That's not to say a million fiefdoms is necessarily a bad approach. A small server where all the members know each other is much more likely to be run in a way that's satisfactory to all its members than a big one. Furthermore, users have the option to maintain multiple accounts.
In theory, certainly.
In practice, one instance dominates and all the other instances have to censor accordingly or die.
Compare to Craigslist, or for a period of five or ten years after its inception, Google Search.
Enshittification is not a necessary consequence for a sustainable business. But I think social media platforms are susceptible to forces that pull beyond that.
define sustainable - I mean, do non-growing businesses seem allowed to exist these days?
Yes, they are. Not all forms of incorporation are like publicly traded joint-stock corporation.
Just a regular story of capitalism and platform enshittification.
Whenever a platform is owned by shareholders who then need to extract rents from the ecosystem, this will happen. Whether it’s couchsurfing or twitter.
Expect it to happen to Reddit etc.
There is a direct line from the profit motive to platforms becoming enshittified, promoting the most outrageous content and making people emotional and angry.
The AI is just another level of appropriating human work. Whether it’s google’s disruption of publishers through AI-generated answers, or OpenAI training on artists’ work.
Is "profit motive" that different than "survival motive"?
These platforms need money to survive. Automattic, the latest owner of Tumblr wrote a great post on all the things they've tried and how Tumblr is still losing $20MM a year IIRC.
That’s only in the capitalist system.
Wordpress by that same Automattic doesn’t need money to survive, in the sense of money going to one large corporation.
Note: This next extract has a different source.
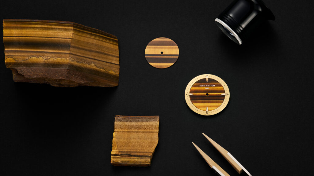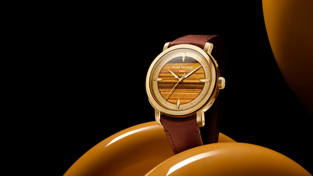 Chez Louis Vuitton, cette orientation dialogue avec l’histoire de la Maison, construite autour du voyage mais aussi de la durabilité des objets. Les malles, conçues pour traverser les décennies, portaient déjà les traces du temps. Le cadran en œil de tigre prolonge cette idée : il ne s’altère pas, il évolue dans la perception que l’on en a.

Anyone can self-host their own copy of wordpress, buy plugins etc.
If you want to know more about how to monetize digital content without a trusted central actor, we are working on a Web2 version of that ecosystem btw: https://qbix.com/ecosystem
Also, science and wikipedia and openstreetmap are examples of open gift economies.
I persevered with your website because I am very interested in the ideas, but I have to say it was very hard going. Thousands of words about abstract concepts could easily be reduced to a few hundred or spread across multiple pages. The only comprehensive list of services actually on offer is a PDF? The videos describing the merits of these decentralised services are accessed through image links to YouTube! There's lots of low hanging fruit to improve usability for those less patient than me in my humble opinion.
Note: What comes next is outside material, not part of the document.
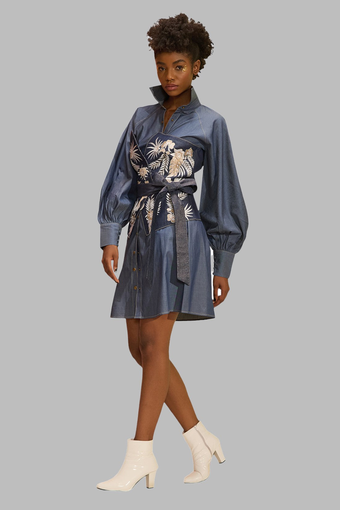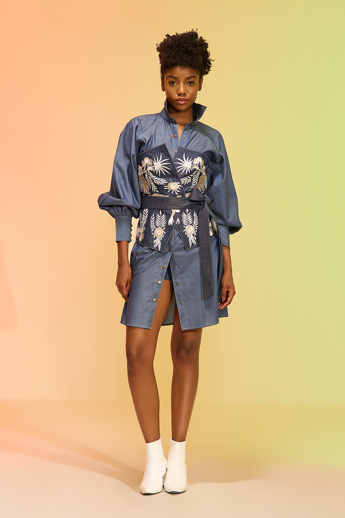 A chic corset with boho-inspired extensive embroidery on the front bodice. The corset can be teamed with a shirt, dress or on its own to suit the mood and time of the day. Elevate your look with the waist belt tied into a pretty bow.

That is one page on the website, the rest of it is a lot more friendly (https://qbix.com/communities or https://qbix.com/invest for instance).
Sorry the experimental stuff is not slick enough for you yet, we don’t have the resources of Facebook or even Automattic. We worked very hard for 12 years on the foundations at https://github.com/Qbix/Platform but I am sure you can find many faults there. (I’d like to hear about them btw.)
On the other hand, many other projects like the E programming language, Capn’proto, Linux etc. are also very complex and did not have fantastic and slick documentation, first adopters also had to read some words in order to get it.
This is an open source project. You are welcome to reduce the words and make a summary. Perhaps when we start marketing to a broad audience, we’ll reduce it to 10 word slides and sound bites, or jingles.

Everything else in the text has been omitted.